How long will it take for the process to be mass produced?
Is six years or by 2020 or so enough for a few major battery producers to do it? Will patent legal battles be used to stop mass production?
Posted by: HarveyD | 27 April 2014 at 07:15 AM
I've been one of the early supporters on here for full BEVs and hoping for a breakthrough to make them reality for most of us. But I've also become one of the most cynical skeptics over the years. Not sure why, but this one feels real to me and makes me think it could be a big player in that next step to useful, next gen batteries.
Posted by: DaveD | 27 April 2014 at 09:51 AM
There are just too many applications which need/want improved batteries and too much R&D flowing to them to keep them from being developed. The cells in the Tesla battery aren't the product of automotive development, but for powering laptops.
The patent trick worked to keep prismatic NiMH cells out of electric cars, but I think that was a one-time trick. With peak oil in the rear-view mirror and the oil companies pulling back upstream investment, there's not much reason to try it again anyway; they'll still be able to sell everything they can pump.

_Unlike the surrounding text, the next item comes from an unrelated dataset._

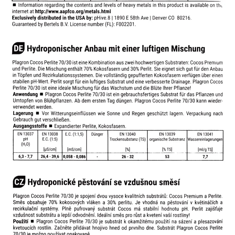 Die Kokosfasern werden bei der Herstellung von Cocos Perlite ausgiebig gespült und vollständig gepuffert, dadurch hat dieses hochwertige Substrat einen stabilen pH-Wert von 6,3 - 7,7. Da Plagron Cocos Perlite nicht vorgedüngt ist, hast Du die komplette Kontrolle über die Nährstoffgabe und kannst bei Deinem Grow Dein individuelles Düngeschema anwenden.

Posted by: Engineer-Poet | 27 April 2014 at 10:55 AM
There is no reasons to celebrate, this is full of drawbacks and still problematic. There will never be something like mass adoption of battery electric vehicles whatsoever. Instead I said many time to start nat gas vehicle nationwide for small cars, and also big trucks now. Also for even less pollution and cost start fuelcell vehicles commercialization with the hydrogen been made with water electrolysis at the point of sale. These batteries are a flagrant flop both commercially and technologically, people do not LIKE to plug and with a short range, a fast recharger network is impossible period due to long recharging time with too many different norm like chademo, sae and tesla supercharger. Tesla will go bankrupt one day or another. Stop harassing me with deficient battery breakthrus, there will never be with all the deceiving researchs been done paid by fraudulent tax subsidies.

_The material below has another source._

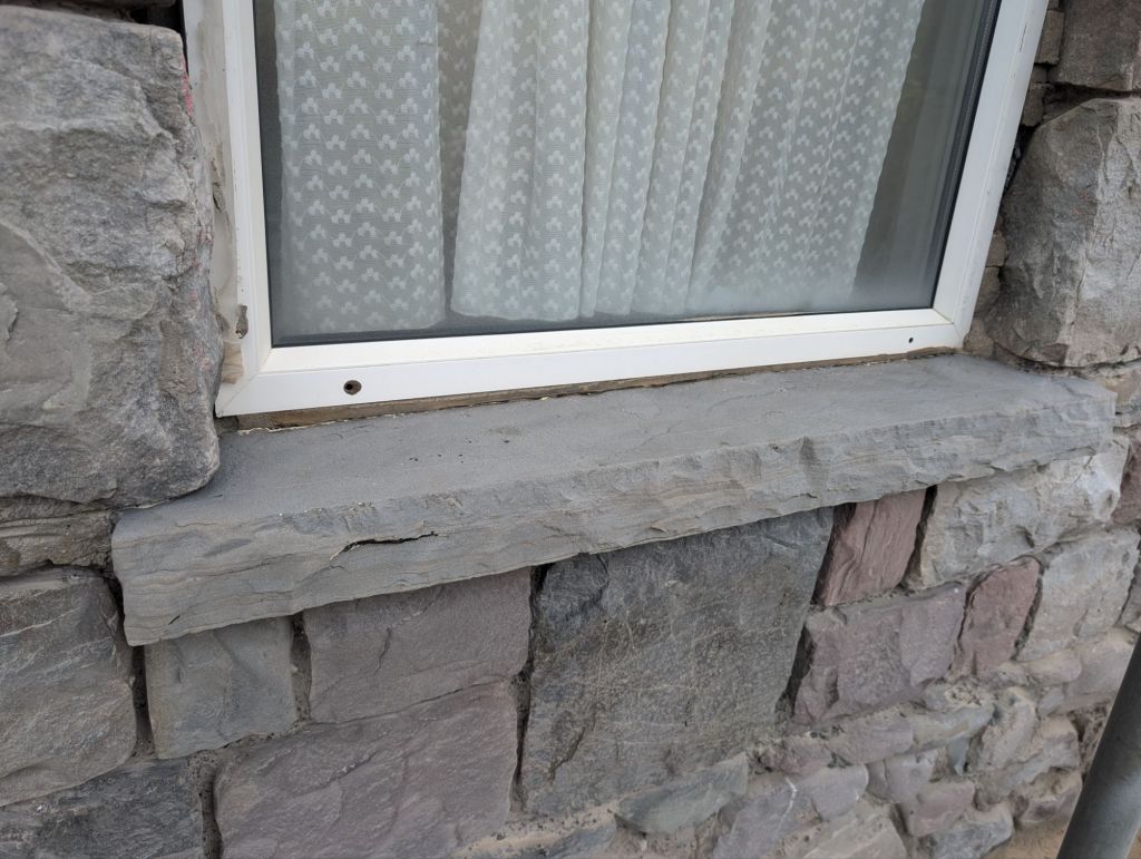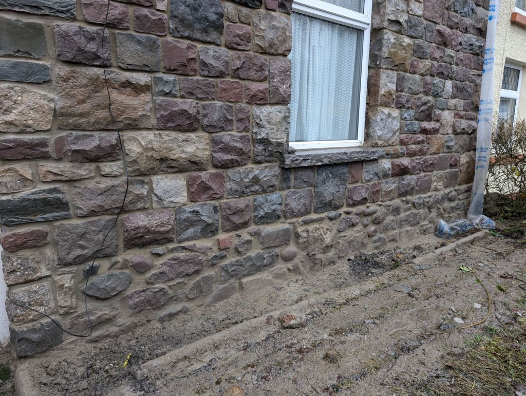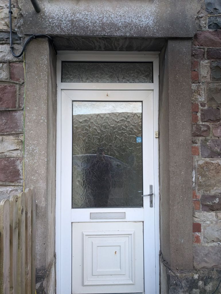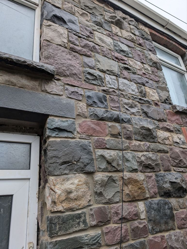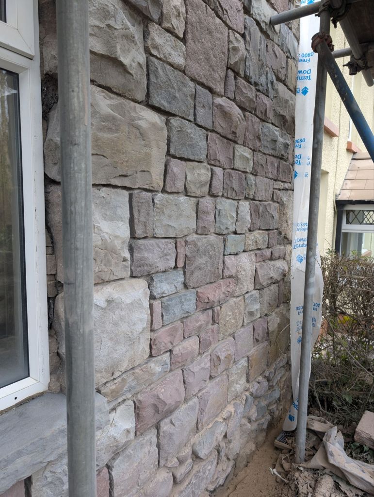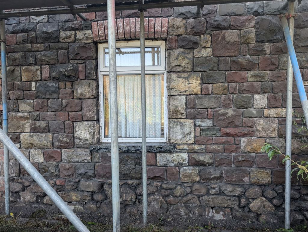 The stone work was completed and the lintel replaced. I did not get a photo of this before the sand blasting was done. We had Mike (Mike’s mobile shot blasting) come and do the sandblasting for us. He done a really good job, the stone and the window sills come up lovely.

There is sufficient low polluting natural gas for all the transport vehicles for more than 100 years, this is cheaper and less polluting than liquid gasoline. Wesport innovation engines are ready to be mass produced for all the world. Im following their stock on the stock market and im about to buy as soon as it start. I noticed that the bankrupt government never give subsidies toward nat gas but give ton of subsidies toward limp batteries for researchs and for commercialization, this is a dramatic mistake impeding real progress for cheap efficient low polluting transport.
Posted by: gorr | 27 April 2014 at 11:15 AM
Gor, my friend, I still disagree with you on BEVs. I think they are inevitable....it's just whether it's ten years or fifteen. My opinion.
Posted by: DaveD | 27 April 2014 at 11:28 AM
Gor, aside from the obvious nonsense you are spewing about BEVs:
Why on Earth do you think the natgas is any better as a long-term transportation fuel solution than oil/gas itself?
It burns cleaner but that's about it. It is lower-polluting than gas but it is nowhere compared to batteries charged with renewable generators. Not even in sight.
Here in the EU, you cannot even go into a closed-air garage with a natgas vehicle which in itself is a nonstarter for a lot of people.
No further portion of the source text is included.